ISA & Pipeline: 16-bit processor with Program Counter, Instruction Register, general-purpose registers, ALU, and a 3-stage fetch–decode–execute pipeline supporting ADD, AND, NOT, BR, JMP, JSR, LDR, STR, and PAUSE. FSM control unit sequences memory access, ALU operations, and I/O interactions via a custom cpu_to_io bridge interfacing with on-board switches and hex displays.
Memory-Mapped I/O & BRAM: Mapped UART, switches, and seven-segment displays into the CPU's address space using on-chip Spartan-7 Block RAM, handling read/write timing without an external "ready" signal.
Graphics Controller: Developed an IP-core-based HDMI graphics controller for 80×30 character text rendering over AXI4 on Vivado IP Integrator. Implemented monochrome and color text output using VRAM and font ROM, supporting inverse text and palette-based coloring.
FPGA Verified: Synthesized and achieved timing closure in Vivado, deploying and verifying stable operation at 50 MHz on a Xilinx Spartan-7 board.
Developed an autonomous security system to modernize access control, replacing traditional key/card-based systems with sensor-triggered visual verification and remote actuation.
Problem: Campus and home access relying on physical cards or keys creates delays, extra costs, and accessibility barriers.
Solution: An ultrasonic sensor (HC-SR04) detects approaching individuals, triggering an Arduino UNO and OV7670 camera. The captured image streams via UART → PC → Telegram bot. The owner sends "door open" / "door close" over Telegram, and an ESP32 actuates SG90 servo motors to lock or unlock.
Tech Stack: HC-SR04 ultrasonic sensor (50 cm trigger range, power-saving standby), OV7670 camera over UART, Arduino UNO for coordination, ESP32 for Wi-Fi and Telegram API, SG90 servos for actuation, Make.com for workflow automation.
Features: Live video feed for verification, automated entry/exit logs, updatable face database, upgradable firmware. Real-world applications include keyless Airbnb access, ID-free campus entry, and improved accessibility.
My first project! Built and scaled a Harry Potter fan community to 12,500+ registered users and 4,000+ social media followers. Led and coordinated a team of 30 volunteers to develop quizzes, discussion forums, and engaging content, fostering a highly active online platform.
National Center for Supercomputing Applications (NCSA)Jan 2025 – Present
Computer Vision Researcher, PI: Prof. Narendra Ahuja
Leading research in video restoration using unsupervised, physics-informed deep learning for modeling atmospheric turbulence and fluid dynamics.

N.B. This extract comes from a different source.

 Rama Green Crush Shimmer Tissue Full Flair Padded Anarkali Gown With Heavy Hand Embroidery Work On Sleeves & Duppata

Integrated Vision Transformers, NeRFs, and 3D Mamba-based architectures with optical flow estimation and 3D geometric scene reconstruction to correct non-rigid distortions in real-world videos.
Training on parallel supercomputing clusters with CUDA-accelerated pipelines.
Pioneered systematic evaluation framework for assessing frontier LLMs on complex hardware design synthesis, benchmarking across hierarchical SystemVerilog tasks.
Architected closed-loop agentic system with automated verification pipeline integrating simulation and synthesis tools, enabling iterative refinement through structured error feedback.
Industry Experience
AstraZenecaMay – Aug 2025
Machine Learning Intern · Gaithersburg, MD
Built an intelligent agent with natural language interface using RAG and LangGraph with MCP framework, querying millions of rows of pharma data in under 10 s.
Designed secure, highly available AWS stack (ECS, ALB, WAF, CloudWatch) delivering 99.9% uptime, scaling to 50+ concurrent users.
Led cross-functional discovery, built MVP independently, then collaborated with Mexico Data Science team for company-wide rollout.
Mashreq BankMay – Jul 2023
Cloud Infrastructure Intern
Developed and optimized RESTful & GraphQL APIs, improving data retrieval speed by 40% and scalability for high-traffic usage.
Refined CI/CD pipelines using Jenkins and Docker, reducing deployment time by 50%.